Collected data
• • • • •

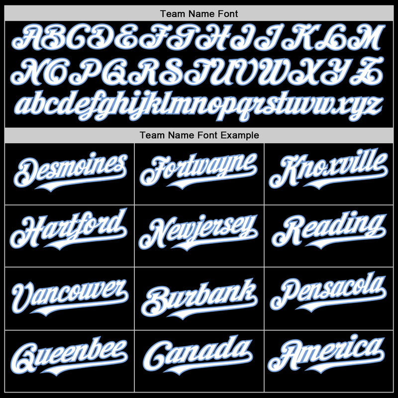 Custom Black White-Light Blue Bomber Full-Snap Varsity Letterman Hoodie Jacket
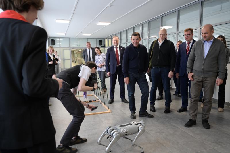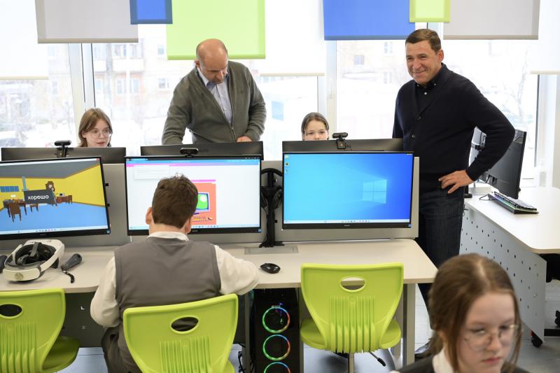 Тема образования продолжилась в лицее № 21. Глава Свердловской области продемонстрировал полпреду, как отремонтировали школу за последние пять лет. Евгений Куйвашев и Артём Жога побеседовали с лицеистами, а также осмотрели модернизованные кабинеты технологии с новыми станками и интерактивными панелями, естественно-научный центр с лабораторно-диагностическим комплексом и интерактивным анатомическим столом, а также центр информационных технологий, куда были закуплены квадрокоптеры, компьютеры и новейшее оборудование для системного администрирования.
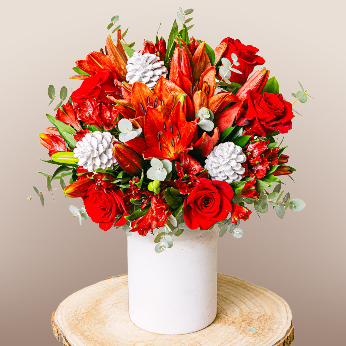 Un bouquet captivant de roses rouges veloutées, de lys rouges vibrants et de charmantes alstrœmerias, magnifiquement complété par une verdure luxuriante et des pommes de pin rustiques pour une touche festive.
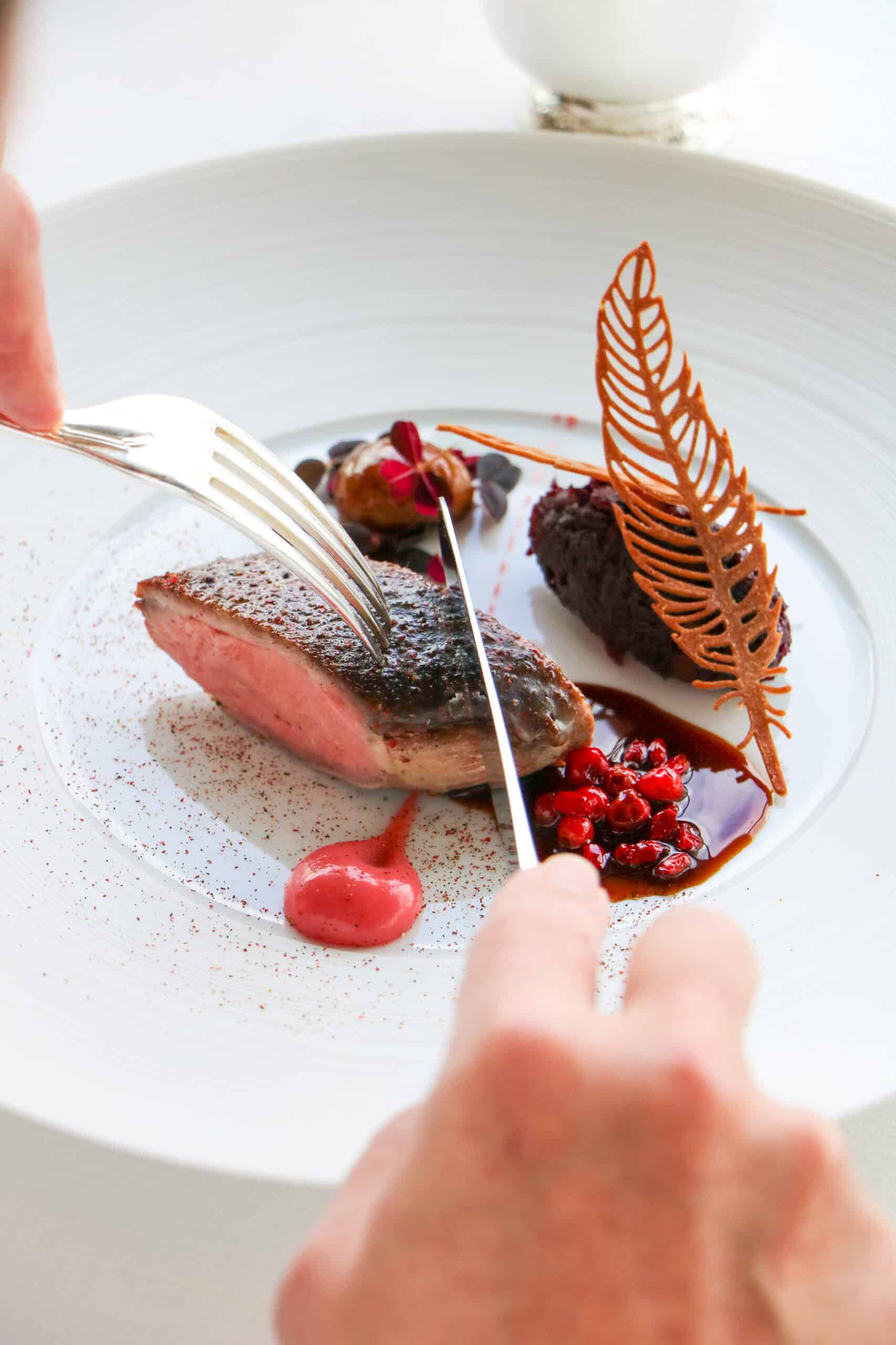 Création Recette : Le Canard au Fil du Temps Le Chef Yannick Franques réinvente « Le Canard au fil du temps », une recette qui évolue au rythme des saisons. Pour ce début d’année, le suprême de canard au poivre d’Assam s’accompagne d’un confit de choux rouges et châtaignes, relevé par une sauce Grand Veneur. Une harmonie parfaite pour sublimer les saveurs hivernales.
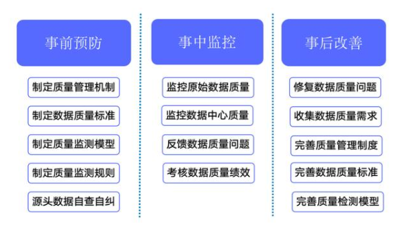 了解了數據質量后,再說說什么是數據質量管理。數據質量管理是一個集方法論、管理、技術和業務為一體的解決方案,是一個不斷循環的管理過程。一方面反映出數據質量的重要性以及數據質量工作的零散性和瑣碎性;另一方面也反映出數據治理是一個相對漫長的過程。簡而言之,數據質量管理是對數據在每個階段里可能引發的各類數據質量問題進行識別、度量、監控、預警等一系列管理活動,并通過改善和提高組織的管理水平確保數據質量的提升。
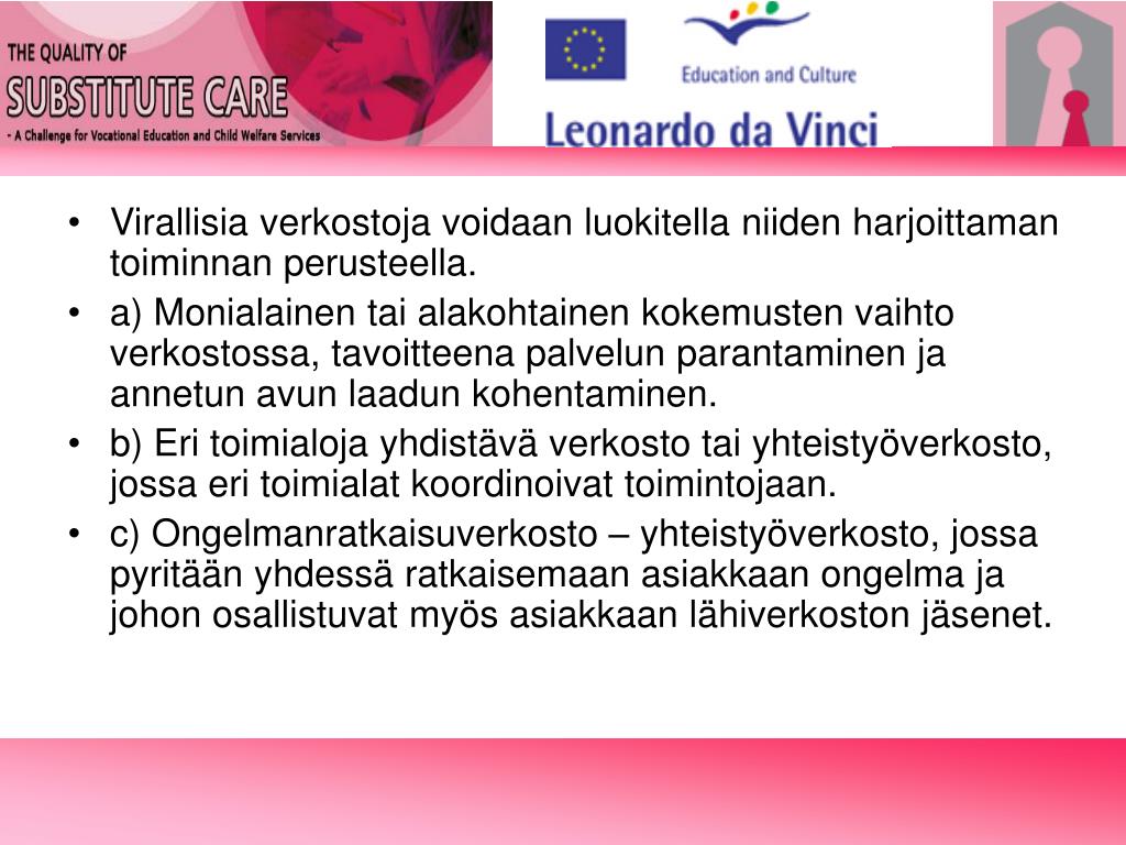 Virallisia verkostoja voidaan luokitella niiden harjoittaman toiminnan perusteella. • a) Monialainen tai alakohtainen kokemusten vaihto verkostossa, tavoitteena palvelun parantaminen ja annetun avun laadun kohentaminen. • b) Eri toimialoja yhdistävä verkosto tai yhteistyöverkosto, jossa eri toimialat koordinoivat toimintojaan. • c) Ongelmanratkaisuverkosto – yhteistyöverkosto, jossa pyritään yhdessä ratkaisemaan asiakkaan ongelma ja johon osallistuvat myös asiakkaan lähiverkoston jäsenet.

• • • • •

### ABOUT THIS TASK
Restate the data word for word without pictures.

### RESULT OF THIS EXERCISE
 Custom Black White-Light Blue Bomber Full-Snap Varsity Letterman Hoodie Jacket
 Тема образования продолжилась в лицее № 21. Глава Свердловской области продемонстрировал полпреду, как отремонтировали школу за последние пять лет. Евгений Куйвашев и Артём Жога побеседовали с лицеистами, а также осмотрели модернизованные кабинеты технологии с новыми станками и интерактивными панелями, естественно-научный центр с лабораторно-диагностическим комплексом и интерактивным анатомическим столом, а также центр информационных технологий, куда были закуплены квадрокоптеры, компьютеры и новейшее оборудование для системного администрирования.
 Un bouquet captivant de roses rouges veloutées, de lys rouges vibrants et de charmantes alstrœmerias, magnifiquement complété par une verdure luxuriante et des pommes de pin rustiques pour une touche festive.
 Création Recette : Le Canard au Fil du Temps Le Chef Yannick Franques réinvente « Le Canard au fil du temps », une recette qui évolue au rythme des saisons. Pour ce début d’année, le suprême de canard au poivre d’Assam s’accompagne d’un confit de choux rouges et châtaignes, relevé par une sauce Grand Veneur. Une harmonie parfaite pour sublimer les saveurs hivernales.
 了解了數據質量后,再說說什么是數據質量管理。數據質量管理是一個集方法論、管理、技術和業務為一體的解決方案,是一個不斷循環的管理過程。一方面反映出數據質量的重要性以及數據質量工作的零散性和瑣碎性;另一方面也反映出數據治理是一個相對漫長的過程。簡而言之,數據質量管理是對數據在每個階段里可能引發的各類數據質量問題進行識別、度量、監控、預警等一系列管理活動,并通過改善和提高組織的管理水平確保數據質量的提升。
 Virallisia verkostoja voidaan luokitella niiden harjoittaman toiminnan perusteella. • a) Monialainen tai alakohtainen kokemusten vaihto verkostossa, tavoitteena palvelun parantaminen ja annetun avun laadun kohentaminen. • b) Eri toimialoja yhdistävä verkosto tai yhteistyöverkosto, jossa eri toimialat koordinoivat toimintojaan. • c) Ongelmanratkaisuverkosto – yhteistyöverkosto, jossa pyritään yhdessä ratkaisemaan asiakkaan ongelma ja johon osallistuvat myös asiakkaan lähiverkoston jäsenet.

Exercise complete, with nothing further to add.